- _Assignment_
Write out again the lines from the line with "Щетка графитовая UNITED" up to and including the line with "Klasyczna przekąska włoska", exactly as they stand below, and skip any picture.

- _Task data_
_ _ _

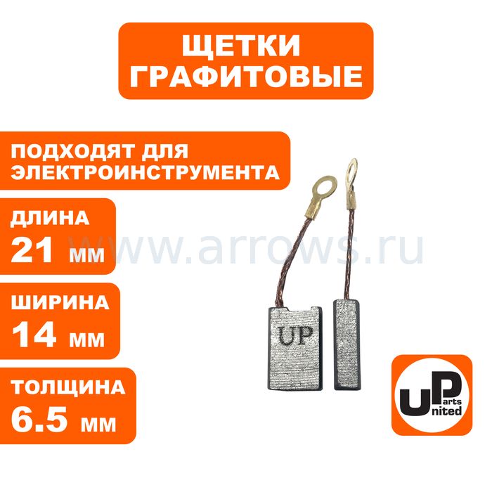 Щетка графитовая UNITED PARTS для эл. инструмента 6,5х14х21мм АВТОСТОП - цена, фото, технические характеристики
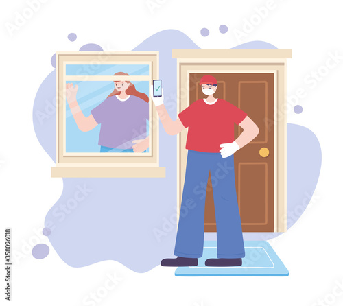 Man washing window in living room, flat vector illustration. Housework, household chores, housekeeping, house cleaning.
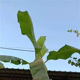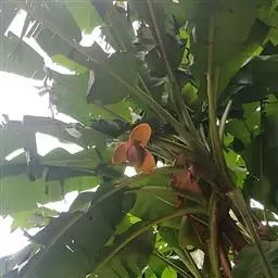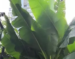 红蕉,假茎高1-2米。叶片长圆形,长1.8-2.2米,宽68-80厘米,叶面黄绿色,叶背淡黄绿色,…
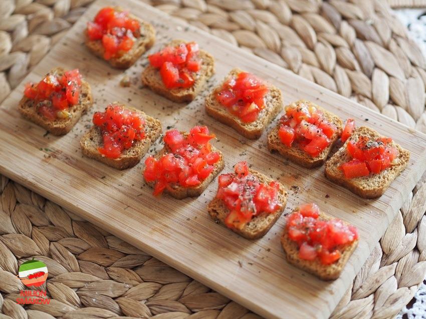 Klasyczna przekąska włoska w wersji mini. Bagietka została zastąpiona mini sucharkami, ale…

_ _ _

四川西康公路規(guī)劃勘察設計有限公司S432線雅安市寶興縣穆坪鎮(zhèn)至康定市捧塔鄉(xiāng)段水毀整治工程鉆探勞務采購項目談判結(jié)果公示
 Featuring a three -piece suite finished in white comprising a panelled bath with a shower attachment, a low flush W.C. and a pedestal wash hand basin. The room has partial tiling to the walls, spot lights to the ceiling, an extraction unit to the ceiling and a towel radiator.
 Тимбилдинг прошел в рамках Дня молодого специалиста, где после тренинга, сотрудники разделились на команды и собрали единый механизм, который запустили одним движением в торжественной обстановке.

_ _ _

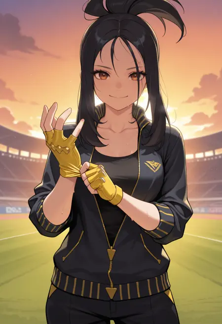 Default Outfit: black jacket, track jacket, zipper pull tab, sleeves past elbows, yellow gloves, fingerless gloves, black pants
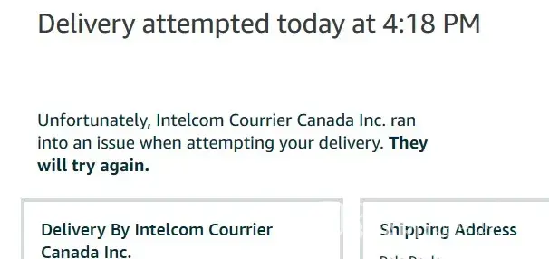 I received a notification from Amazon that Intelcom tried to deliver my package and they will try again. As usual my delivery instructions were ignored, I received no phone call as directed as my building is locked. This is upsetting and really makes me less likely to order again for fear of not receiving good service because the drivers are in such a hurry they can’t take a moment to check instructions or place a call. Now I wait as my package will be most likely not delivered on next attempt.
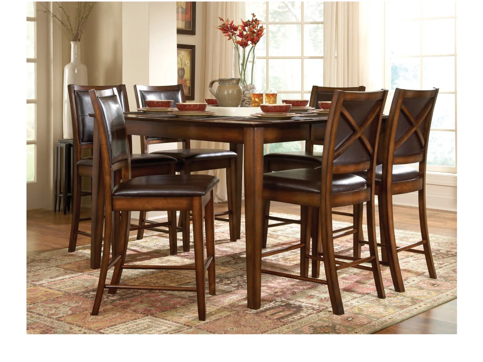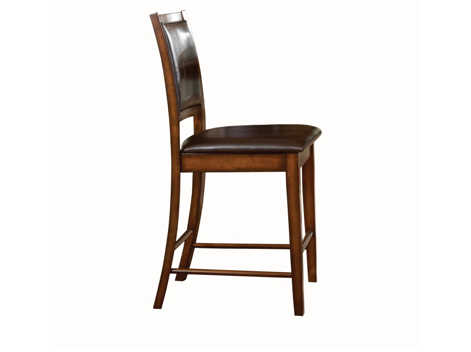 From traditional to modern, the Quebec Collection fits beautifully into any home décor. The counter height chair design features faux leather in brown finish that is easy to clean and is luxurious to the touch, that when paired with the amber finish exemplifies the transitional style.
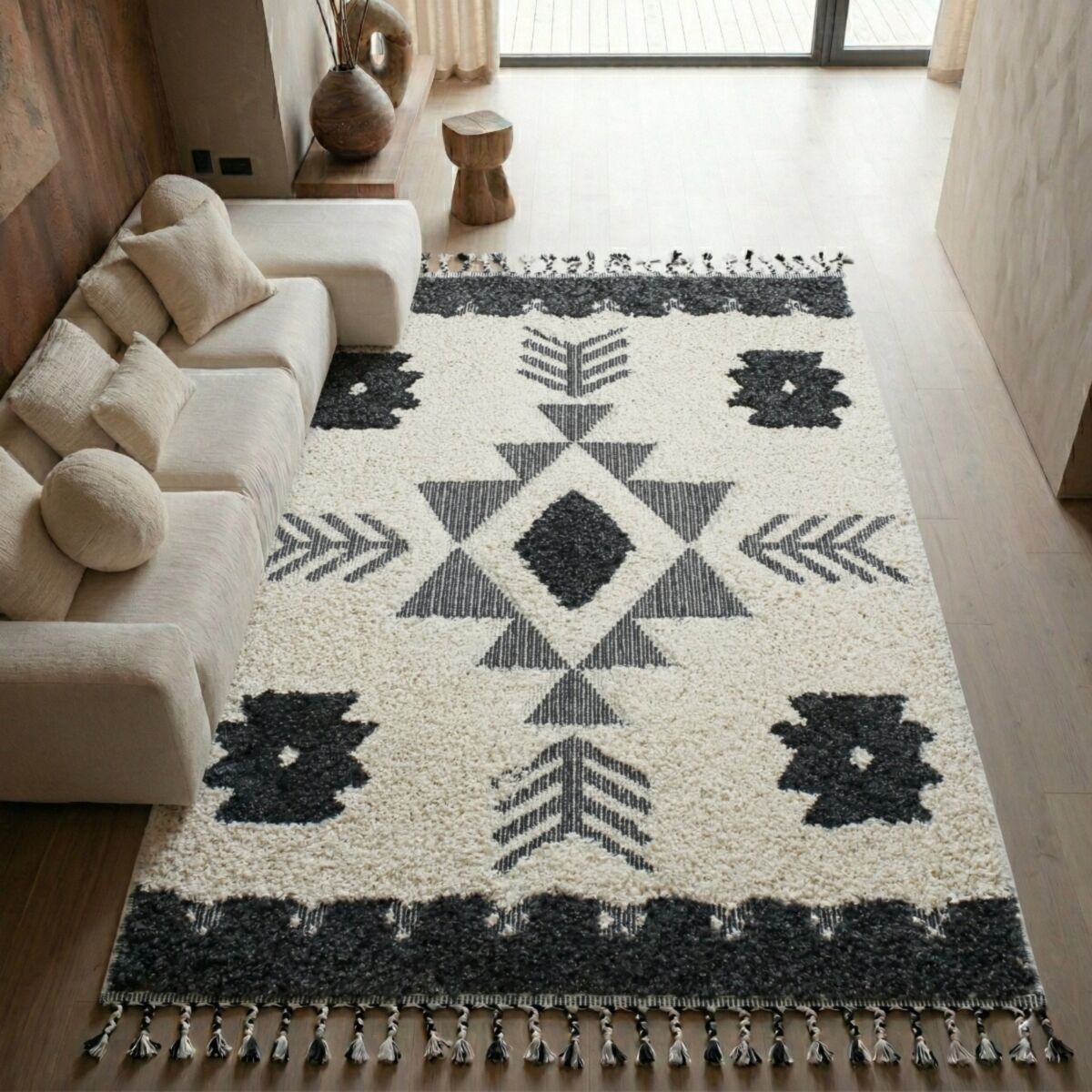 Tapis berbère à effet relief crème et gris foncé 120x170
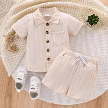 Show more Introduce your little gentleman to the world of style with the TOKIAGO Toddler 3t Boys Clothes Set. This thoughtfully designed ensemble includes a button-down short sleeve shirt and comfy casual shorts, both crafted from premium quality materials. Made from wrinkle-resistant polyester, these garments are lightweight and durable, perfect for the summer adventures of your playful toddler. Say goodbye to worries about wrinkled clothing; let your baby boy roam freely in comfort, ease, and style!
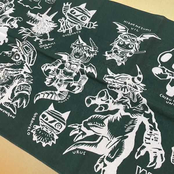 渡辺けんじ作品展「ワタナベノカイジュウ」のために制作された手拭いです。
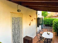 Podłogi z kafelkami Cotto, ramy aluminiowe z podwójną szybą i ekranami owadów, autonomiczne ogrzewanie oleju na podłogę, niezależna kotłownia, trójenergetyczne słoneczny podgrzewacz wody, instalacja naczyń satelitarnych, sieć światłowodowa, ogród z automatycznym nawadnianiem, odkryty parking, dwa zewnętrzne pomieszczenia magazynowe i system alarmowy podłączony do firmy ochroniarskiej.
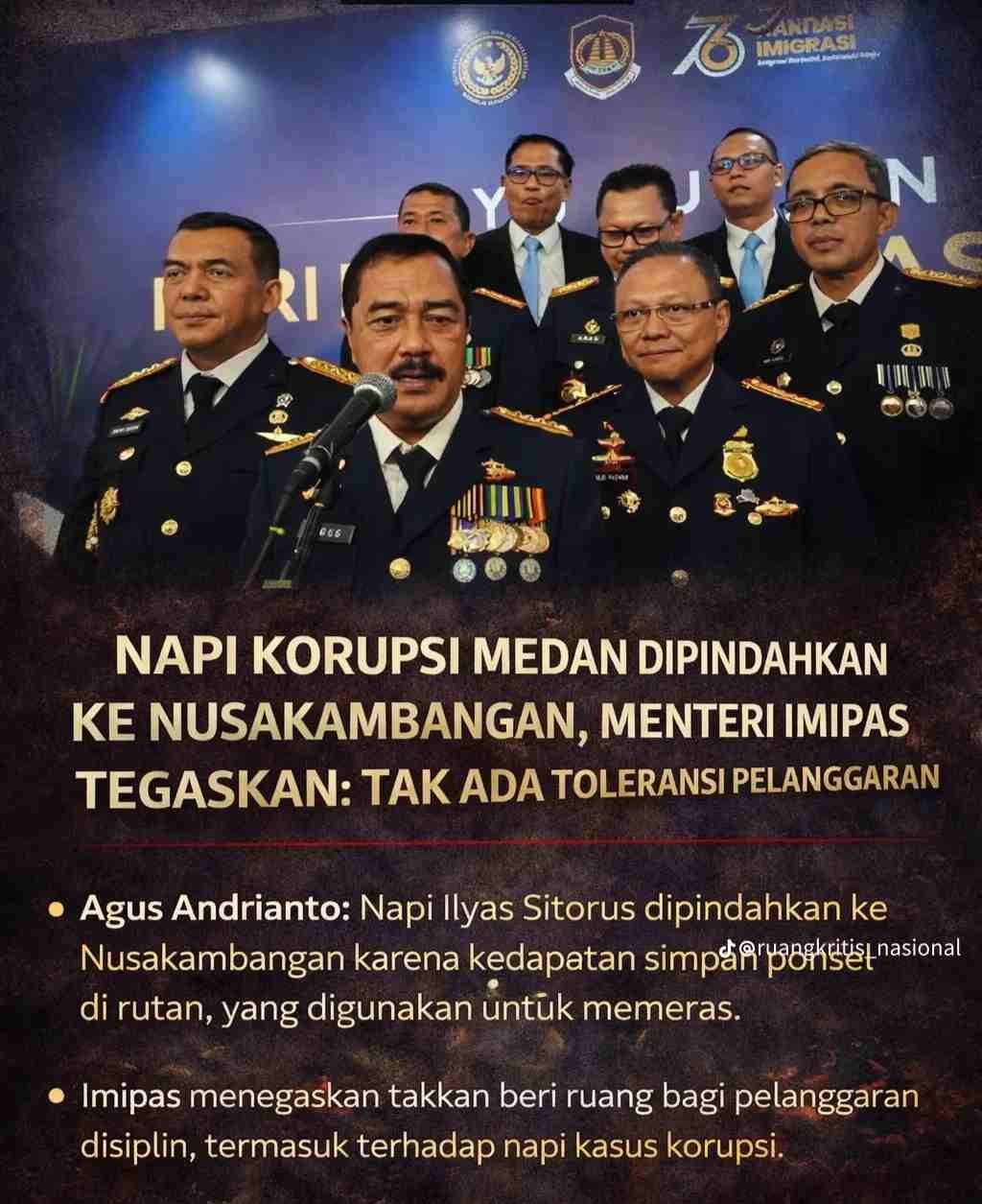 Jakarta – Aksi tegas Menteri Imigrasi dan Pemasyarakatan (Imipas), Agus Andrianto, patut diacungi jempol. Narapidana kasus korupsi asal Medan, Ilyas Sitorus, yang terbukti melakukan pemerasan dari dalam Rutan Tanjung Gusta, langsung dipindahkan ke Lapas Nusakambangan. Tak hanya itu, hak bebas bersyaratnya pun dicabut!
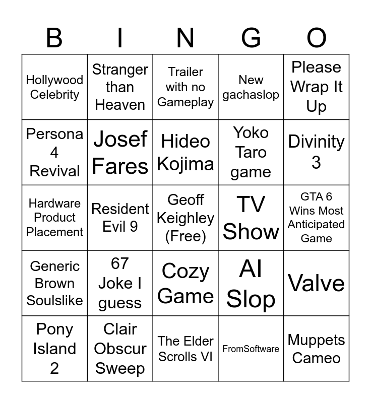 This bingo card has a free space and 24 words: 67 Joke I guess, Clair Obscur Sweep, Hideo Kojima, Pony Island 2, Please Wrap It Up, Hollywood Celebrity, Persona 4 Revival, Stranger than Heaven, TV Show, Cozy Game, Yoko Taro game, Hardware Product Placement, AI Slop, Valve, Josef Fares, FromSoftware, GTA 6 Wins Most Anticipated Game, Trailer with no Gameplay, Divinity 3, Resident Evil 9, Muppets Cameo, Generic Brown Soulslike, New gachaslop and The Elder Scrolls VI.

_ _ _

- _Completed task_
 Щетка графитовая UNITED PARTS для эл. инструмента 6,5х14х21мм АВТОСТОП - цена, фото, технические характеристики
 Man washing window in living room, flat vector illustration. Housework, household chores, housekeeping, house cleaning.
 红蕉,假茎高1-2米。叶片长圆形,长1.8-2.2米,宽68-80厘米,叶面黄绿色,叶背淡黄绿色,…
 Klasyczna przekąska włoska w wersji mini. Bagietka została zastąpiona mini sucharkami, ale…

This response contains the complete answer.